A sleepless night had old John Folsom, and with the sun he was up again and hurriedly dressing. Noiseless as he strove to be he was discovered, for as he issued from his room into the dim light of the upper hall there stood Pappoose.
"Poor Jess has been awake an hour," said she. "We've been trying to see the troop through the glass. They must have started before daybreak, for there's nothing on the road to Frayne."
"It disappears over the divide three miles out," he answered vaguely, and conscious that her clear eyes were studying his face. "I didn't sleep well either. We shall be having news from Hal to-day, and the mail rider comes down from Frayne."

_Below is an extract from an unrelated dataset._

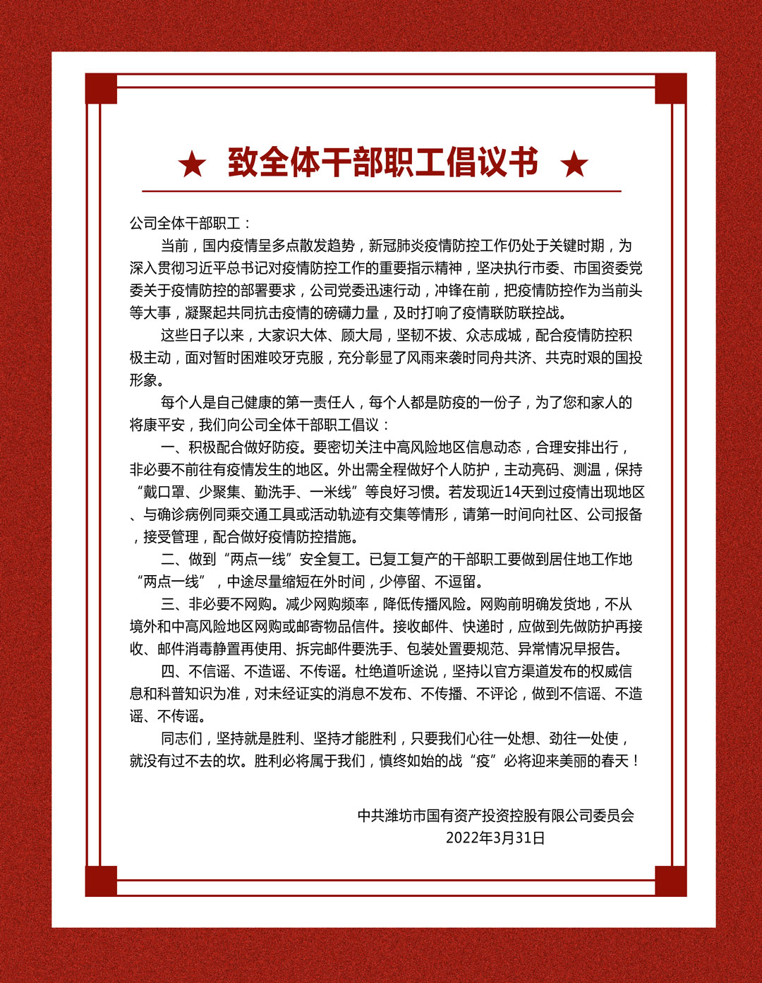 致公司全體干部職工的倡議書(shū)

She had thrown about her a long, loose wrapper, and her lustrous hair tumbled like a brown-black torrent down over her shoulders and back. Steadfastly the brown eyes followed his every move.
"It is hours to breakfast time, Daddy dear; let me make you some coffee before you go out."
"What? Who said I was going out?" he asked, forcing a smile; then, more gravely: "I'll be back in thirty minutes, dear, but wait a moment I cannot. I want to catch a man before he can possibly ride away."
He bent and kissed her hurriedly, and went briskly down the stairs. In the lower hall he suddenly struck a parlor match that flared up and illumined the winding staircase to the third story. Some thought as sudden prompted her to glance aloft just in time to catch a glimpse of a woman's face withdrawing swiftly over the balcony rail. In her hatred of anything that savored of spying the girl could have called aloud a demand to know what Mrs. Fletcher wanted, but strange things were in the wind, as she was learning, and something whispered silence. Slowly she returned to Jessie's side, and together once more they searched with the glasses the distant trail that, distinctly visible now in the slant of the morning sun, twisted up the northward slopes on the winding way to Frayne. Not a whiff of dust could they see.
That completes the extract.